Google any NHL team and you'll find a headline identifying each hockey club with an individual player. It's Vincent Lacavalier and the Tampa Bay Lightning, Mark Recchi and the Boston Bruins, and so on.

Not all the others are household names, like Crosby, Malkin, Ovechkin, Brodeur, and Avery.

Last year, it was Jaromir Jagr and the Rangers. This year it was supposed to be Drury and Gomez and the Rangers. Avery joined the team when they were called "vanilla" and now they aren't.

It is not because Avery is a superstar like Crosby, Ovechkin, Malkin, and Brodeur. It is because the New York team's identity is linked with his. Avery returned to the Rangers and reminded them how to swagger.

Avery's name is inextricably linked with Martin Brodeur's by The Avery Rule, after the first round of the playoffs last year, and that's part of the story.

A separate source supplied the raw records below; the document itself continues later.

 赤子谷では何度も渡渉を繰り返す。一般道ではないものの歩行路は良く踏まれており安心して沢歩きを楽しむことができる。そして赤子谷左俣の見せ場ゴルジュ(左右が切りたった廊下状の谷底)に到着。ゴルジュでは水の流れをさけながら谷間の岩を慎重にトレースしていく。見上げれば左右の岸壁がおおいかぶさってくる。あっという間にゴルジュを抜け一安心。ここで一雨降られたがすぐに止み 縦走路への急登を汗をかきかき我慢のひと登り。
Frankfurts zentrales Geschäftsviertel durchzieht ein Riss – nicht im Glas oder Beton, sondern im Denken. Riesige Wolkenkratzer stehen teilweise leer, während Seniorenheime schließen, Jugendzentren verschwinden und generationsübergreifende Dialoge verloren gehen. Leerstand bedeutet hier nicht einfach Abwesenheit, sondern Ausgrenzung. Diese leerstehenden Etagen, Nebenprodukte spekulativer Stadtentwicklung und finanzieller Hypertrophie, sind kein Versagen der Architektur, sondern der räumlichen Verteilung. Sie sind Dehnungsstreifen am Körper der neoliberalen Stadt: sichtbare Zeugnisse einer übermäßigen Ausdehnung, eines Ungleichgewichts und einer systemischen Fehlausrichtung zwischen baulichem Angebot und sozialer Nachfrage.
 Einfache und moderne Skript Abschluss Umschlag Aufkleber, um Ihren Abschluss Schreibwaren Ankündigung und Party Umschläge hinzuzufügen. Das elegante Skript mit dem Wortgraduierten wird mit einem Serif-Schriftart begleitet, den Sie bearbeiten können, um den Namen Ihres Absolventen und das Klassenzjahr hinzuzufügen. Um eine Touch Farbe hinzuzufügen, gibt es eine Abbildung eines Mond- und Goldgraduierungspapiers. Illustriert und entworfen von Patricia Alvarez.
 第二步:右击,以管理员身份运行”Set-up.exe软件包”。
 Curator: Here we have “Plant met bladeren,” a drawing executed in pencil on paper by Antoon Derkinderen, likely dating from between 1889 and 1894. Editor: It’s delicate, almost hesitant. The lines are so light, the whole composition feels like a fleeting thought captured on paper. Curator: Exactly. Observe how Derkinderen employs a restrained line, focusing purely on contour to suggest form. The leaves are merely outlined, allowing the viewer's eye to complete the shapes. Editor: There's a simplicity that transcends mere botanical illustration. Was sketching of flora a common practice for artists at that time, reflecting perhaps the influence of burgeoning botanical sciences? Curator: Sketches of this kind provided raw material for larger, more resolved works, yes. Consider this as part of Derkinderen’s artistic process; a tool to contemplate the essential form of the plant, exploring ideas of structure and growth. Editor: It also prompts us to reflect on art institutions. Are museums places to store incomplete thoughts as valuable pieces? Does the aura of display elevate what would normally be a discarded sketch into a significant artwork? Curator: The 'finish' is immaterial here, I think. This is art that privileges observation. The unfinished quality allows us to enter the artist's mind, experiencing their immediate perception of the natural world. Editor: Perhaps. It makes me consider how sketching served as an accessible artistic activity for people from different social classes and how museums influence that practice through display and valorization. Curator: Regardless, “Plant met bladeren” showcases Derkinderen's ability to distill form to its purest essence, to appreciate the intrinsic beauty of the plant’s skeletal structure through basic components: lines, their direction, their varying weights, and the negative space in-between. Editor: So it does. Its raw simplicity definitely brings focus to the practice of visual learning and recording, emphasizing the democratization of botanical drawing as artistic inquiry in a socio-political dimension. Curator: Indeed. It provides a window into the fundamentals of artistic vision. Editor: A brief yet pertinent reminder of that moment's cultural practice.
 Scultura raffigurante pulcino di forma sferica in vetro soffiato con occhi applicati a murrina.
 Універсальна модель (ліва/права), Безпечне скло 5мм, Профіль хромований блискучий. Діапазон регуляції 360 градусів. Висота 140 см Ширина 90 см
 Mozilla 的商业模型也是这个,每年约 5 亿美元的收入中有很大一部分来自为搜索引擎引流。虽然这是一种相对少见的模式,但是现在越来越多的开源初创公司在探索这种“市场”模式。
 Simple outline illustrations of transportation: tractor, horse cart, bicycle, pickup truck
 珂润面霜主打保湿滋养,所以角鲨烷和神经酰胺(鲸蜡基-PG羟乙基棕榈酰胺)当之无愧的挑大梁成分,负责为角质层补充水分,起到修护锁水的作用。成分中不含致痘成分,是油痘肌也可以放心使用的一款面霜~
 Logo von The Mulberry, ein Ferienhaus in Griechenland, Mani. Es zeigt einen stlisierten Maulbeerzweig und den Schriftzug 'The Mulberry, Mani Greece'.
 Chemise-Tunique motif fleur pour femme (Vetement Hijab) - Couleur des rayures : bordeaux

Another part of the story is the fact that Avery is a celebrity who has crossed over from hockey into the worlds of high fashion and Hollywood movies thanks to his work with Vogue and Men's Vogue, a Gap ad, an appearance in a hockey movie as "Killer" dill, and the movie that's in the works based on the hockey player's experience at Vogue.

It's his on-ice personality and off-ice celebrity status that gives him and the Rangers their new identity.

Rangers fans in New York City are hip to the jazzy changes in the former penalties leader but elsewhere in the NHL they still think of Avery as the superpest and King of the Agitators.

They did not get the memo that Avery has changed since his time with the Dallas Stars, anger management, his comeback to hockey with the Hartford Wolf Pack in the AHL, and his return to the Rangers in the NHL.

Some fans are just waiting for Avery to snap and retaliate to the pounding he is taking from opponents or the response of the referees, or lack of it, expecting him to attack someone viciously, both physically and verbally.

There is something about Avery's old persona that attracted boos and it has not gone away, yet. Columns I've written about him for Bleacher Report attract offensive that make me understand a little what it must like to be him.

Apparently, some hockey fans do not like the story about the former superpest and agitator being turned into a hockey hero, possibly even a superstar, right before our eyes.

If Avery keeps scoring at the pace of the past five games, stays away from the sin-bin, and gets named star of the game again and again, his new identity will eventually be recognized.

He is already a fan favourite with the Rangers Faithful at Madison Square Garden and, apparently, with NBC TV. If the trend continues, every athlete and every man in North America will be signing up for anger management.